By Germaine Greer for NewStatesman, 6 October 2015
Having had a great success in 2005 with 1599: a Year in the Life of William Shakespeare, James Shapiro has provided his many admirers with an account of another year, 1606: William Shakespeare and the Year of Lear. Literary biography is a tricky genre, and not made more straightforward by slicing it into year-long tranches. The chosen year began in the middle of the ongoing drama of the Gunpowder Plot, which itself was a response to the king’s persecution of his beheaded mother’s co-religionists. The effects of the Essex Rebellion of 1601 were not yet played out but continued with the shockingly elaborate and costly celebration of the contrived marriage of the 14-year-old son of the executed earl and the 15-year-old daughter of the Earl of Suffolk, which would mire the court of James I in scandal, treachery and ultimately the murder of Sir Thomas Overbury, a full seven years later.

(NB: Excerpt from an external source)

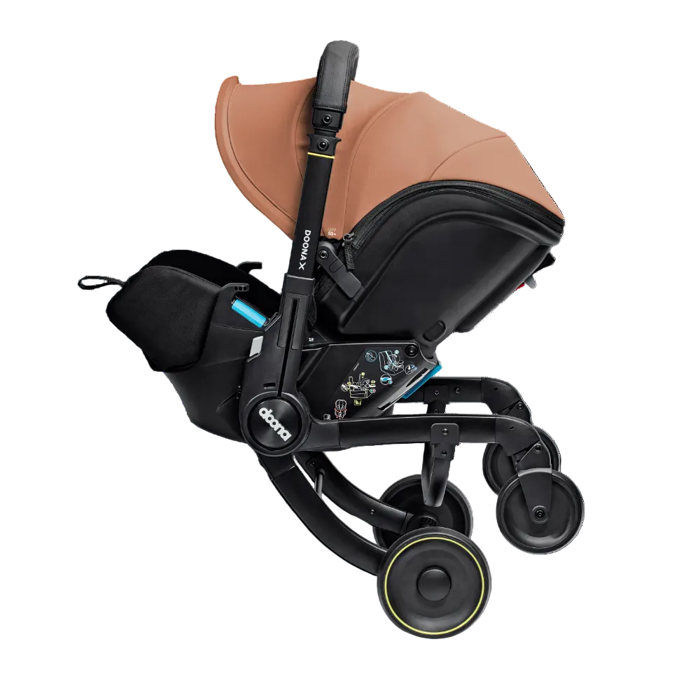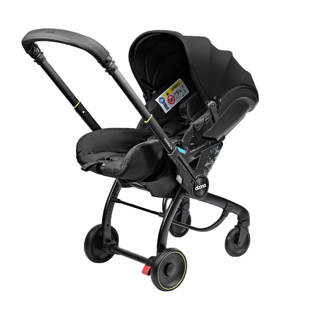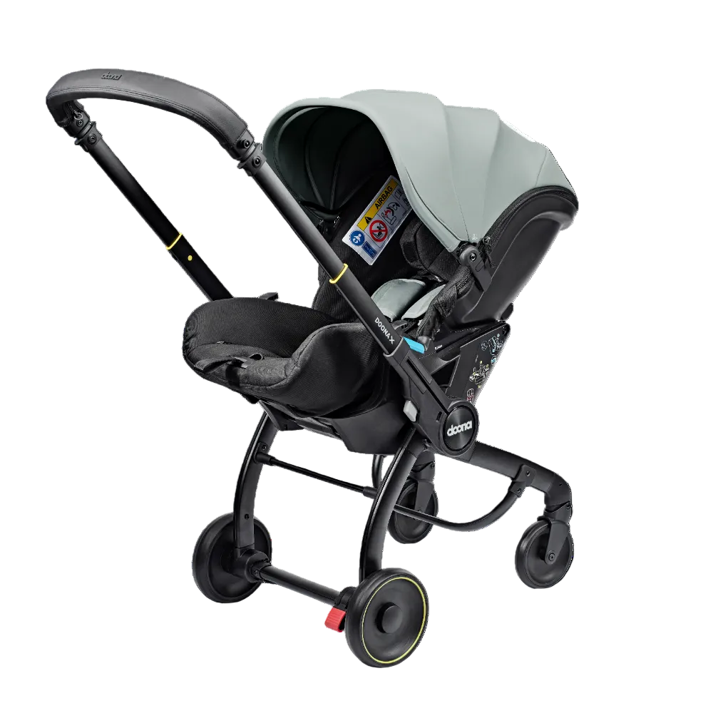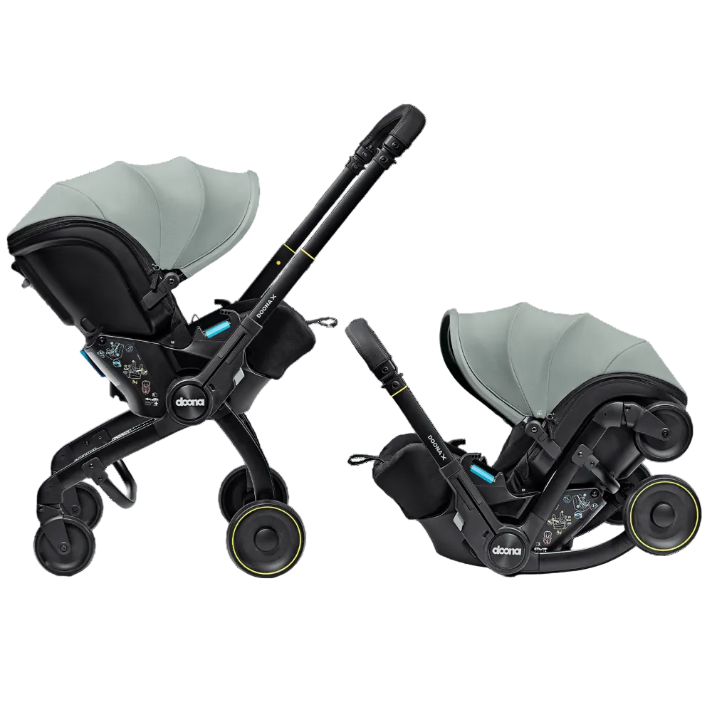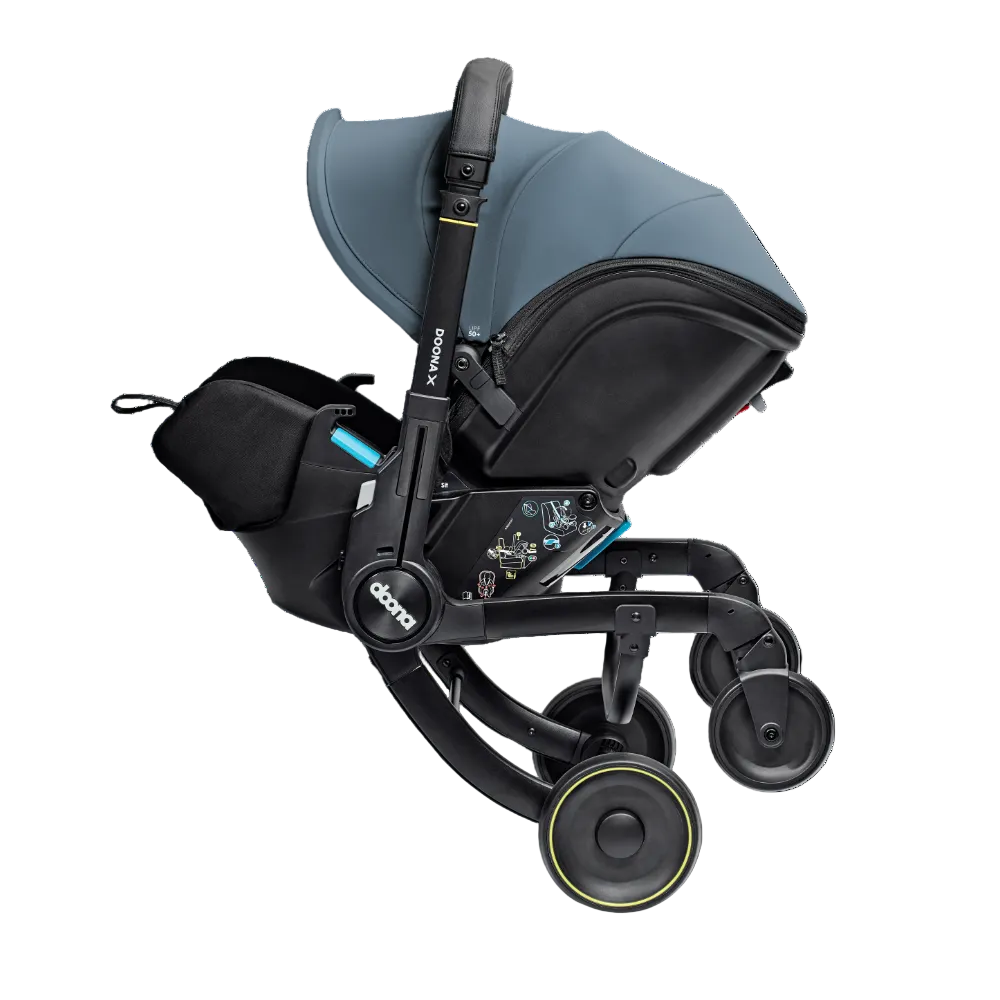 Doona X is the new generation of the Doona Car Seat & Stroller. Now with 3 recline positions - Sit, Relax and Lean Back, Doona X allows your child to lie down and relax. With its integrated, adjustable harness and headrest, the Doona X meets the European i-Size safety regulation (R-129). It folds and unfolds effortlessly, providing ultimate convenience for parents on the go. The pull-along mode makes it even easier to maneuverer in crowded or compact spaces. The smooth wheel release system and patented shock absorbers provide a smoother, safer ride. The Doona X comes with the Doona SIP add-on, providing enhanced side-impact protection. Doona X cannot be reclined when in car seat mode.

Shapiro’s new book is a collection of short, interconnected essays about the literary and historical context of the three great plays WiLear, Macbeth and Antony and Cleopatra. The project is daring, perhaps even foolhardy, because Shakespeare’s 42nd year is one of the most mysterious in his mysterious life. Shapiro is surprised that Shakespeare is seldom understood as a Jacobean dramatist, when his greatest works were written after James’s accession. In fact, Shakespeare is an Elizabethan dramatist, rather than a Jacobean. King’s Man or no (he had no choice but to appear at court), his stage is still the earth, his roof is still the sky. He is not a city dramatist, but Shapiro cannot imagine him anywhere but in London.